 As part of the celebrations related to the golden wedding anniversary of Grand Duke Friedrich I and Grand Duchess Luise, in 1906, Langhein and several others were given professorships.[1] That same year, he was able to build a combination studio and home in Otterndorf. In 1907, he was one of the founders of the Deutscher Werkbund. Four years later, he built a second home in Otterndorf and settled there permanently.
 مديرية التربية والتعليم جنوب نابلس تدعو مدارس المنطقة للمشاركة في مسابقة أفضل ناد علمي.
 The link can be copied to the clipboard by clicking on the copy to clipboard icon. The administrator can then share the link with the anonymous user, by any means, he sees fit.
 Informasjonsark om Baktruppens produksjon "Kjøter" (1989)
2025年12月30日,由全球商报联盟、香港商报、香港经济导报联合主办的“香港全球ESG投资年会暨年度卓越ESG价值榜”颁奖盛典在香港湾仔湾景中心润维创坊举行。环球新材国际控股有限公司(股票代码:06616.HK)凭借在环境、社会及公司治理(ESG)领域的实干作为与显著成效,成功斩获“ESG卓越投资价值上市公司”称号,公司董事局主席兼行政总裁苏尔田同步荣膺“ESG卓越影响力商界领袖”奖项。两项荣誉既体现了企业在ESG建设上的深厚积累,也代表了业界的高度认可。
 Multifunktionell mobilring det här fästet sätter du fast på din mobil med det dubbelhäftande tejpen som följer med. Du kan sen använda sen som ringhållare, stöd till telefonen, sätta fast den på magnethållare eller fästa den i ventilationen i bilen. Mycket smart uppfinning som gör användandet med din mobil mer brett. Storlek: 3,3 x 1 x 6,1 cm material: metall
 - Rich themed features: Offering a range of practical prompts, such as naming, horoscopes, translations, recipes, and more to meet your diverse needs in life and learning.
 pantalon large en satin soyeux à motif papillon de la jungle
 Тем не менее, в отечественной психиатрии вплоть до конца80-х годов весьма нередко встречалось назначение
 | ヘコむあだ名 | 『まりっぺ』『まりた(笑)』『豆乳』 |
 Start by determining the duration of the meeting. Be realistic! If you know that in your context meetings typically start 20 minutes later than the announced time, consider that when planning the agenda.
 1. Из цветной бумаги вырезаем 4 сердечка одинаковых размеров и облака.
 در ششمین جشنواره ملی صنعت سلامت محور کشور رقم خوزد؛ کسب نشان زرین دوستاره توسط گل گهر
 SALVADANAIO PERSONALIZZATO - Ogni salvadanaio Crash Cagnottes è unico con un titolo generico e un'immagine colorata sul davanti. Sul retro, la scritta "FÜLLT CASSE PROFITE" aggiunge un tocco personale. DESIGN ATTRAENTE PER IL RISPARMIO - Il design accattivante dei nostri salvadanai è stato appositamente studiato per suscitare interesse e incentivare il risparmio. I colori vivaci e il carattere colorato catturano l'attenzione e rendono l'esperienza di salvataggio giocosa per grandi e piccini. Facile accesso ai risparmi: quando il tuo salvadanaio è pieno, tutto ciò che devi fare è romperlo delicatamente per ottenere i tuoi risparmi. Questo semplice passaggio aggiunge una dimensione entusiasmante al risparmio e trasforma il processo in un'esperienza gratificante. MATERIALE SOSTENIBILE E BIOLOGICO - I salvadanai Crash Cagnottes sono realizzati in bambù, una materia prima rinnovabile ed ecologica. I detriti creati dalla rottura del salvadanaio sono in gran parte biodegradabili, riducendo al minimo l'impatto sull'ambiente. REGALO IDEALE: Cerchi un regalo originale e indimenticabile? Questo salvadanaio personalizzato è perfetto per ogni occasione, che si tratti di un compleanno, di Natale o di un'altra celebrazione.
------------------------------------------------
Task requirements: Copy out the full listing so that each line matches exactly.

Answer to the problem:
 As part of the celebrations related to the golden wedding anniversary of Grand Duke Friedrich I and Grand Duchess Luise, in 1906, Langhein and several others were given professorships.[1] That same year, he was able to build a combination studio and home in Otterndorf. In 1907, he was one of the founders of the Deutscher Werkbund. Four years later, he built a second home in Otterndorf and settled there permanently.
 مديرية التربية والتعليم جنوب نابلس تدعو مدارس المنطقة للمشاركة في مسابقة أفضل ناد علمي.
 The link can be copied to the clipboard by clicking on the copy to clipboard icon. The administrator can then share the link with the anonymous user, by any means, he sees fit.
 Informasjonsark om Baktruppens produksjon "Kjøter" (1989)
2025年12月30日,由全球商报联盟、香港商报、香港经济导报联合主办的“香港全球ESG投资年会暨年度卓越ESG价值榜”颁奖盛典在香港湾仔湾景中心润维创坊举行。环球新材国际控股有限公司(股票代码:06616.HK)凭借在环境、社会及公司治理(ESG)领域的实干作为与显著成效,成功斩获“ESG卓越投资价值上市公司”称号,公司董事局主席兼行政总裁苏尔田同步荣膺“ESG卓越影响力商界领袖”奖项。两项荣誉既体现了企业在ESG建设上的深厚积累,也代表了业界的高度认可。
 Multifunktionell mobilring det här fästet sätter du fast på din mobil med det dubbelhäftande tejpen som följer med. Du kan sen använda sen som ringhållare, stöd till telefonen, sätta fast den på magnethållare eller fästa den i ventilationen i bilen. Mycket smart uppfinning som gör användandet med din mobil mer brett. Storlek: 3,3 x 1 x 6,1 cm material: metall
 - Rich themed features: Offering a range of practical prompts, such as naming, horoscopes, translations, recipes, and more to meet your diverse needs in life and learning.
 pantalon large en satin soyeux à motif papillon de la jungle
 Тем не менее, в отечественной психиатрии вплоть до конца80-х годов весьма нередко встречалось назначение
 | ヘコむあだ名 | 『まりっぺ』『まりた(笑)』『豆乳』 |
 Start by determining the duration of the meeting. Be realistic! If you know that in your context meetings typically start 20 minutes later than the announced time, consider that when planning the agenda.
 1. Из цветной бумаги вырезаем 4 сердечка одинаковых размеров и облака.
 در ششمین جشنواره ملی صنعت سلامت محور کشور رقم خوزد؛ کسب نشان زرین دوستاره توسط گل گهر
 SALVADANAIO PERSONALIZZATO - Ogni salvadanaio Crash Cagnottes è unico con un titolo generico e un'immagine colorata sul davanti. Sul retro, la scritta "FÜLLT CASSE PROFITE" aggiunge un tocco personale. DESIGN ATTRAENTE PER IL RISPARMIO - Il design accattivante dei nostri salvadanai è stato appositamente studiato per suscitare interesse e incentivare il risparmio. I colori vivaci e il carattere colorato catturano l'attenzione e rendono l'esperienza di salvataggio giocosa per grandi e piccini. Facile accesso ai risparmi: quando il tuo salvadanaio è pieno, tutto ciò che devi fare è romperlo delicatamente per ottenere i tuoi risparmi. Questo semplice passaggio aggiunge una dimensione entusiasmante al risparmio e trasforma il processo in un'esperienza gratificante. MATERIALE SOSTENIBILE E BIOLOGICO - I salvadanai Crash Cagnottes sono realizzati in bambù, una materia prima rinnovabile ed ecologica. I detriti creati dalla rottura del salvadanaio sono in gran parte biodegradabili, riducendo al minimo l'impatto sull'ambiente. REGALO IDEALE: Cerchi un regalo originale e indimenticabile? Questo salvadanaio personalizzato è perfetto per ogni occasione, che si tratti di un compleanno, di Natale o di un'altra celebrazione.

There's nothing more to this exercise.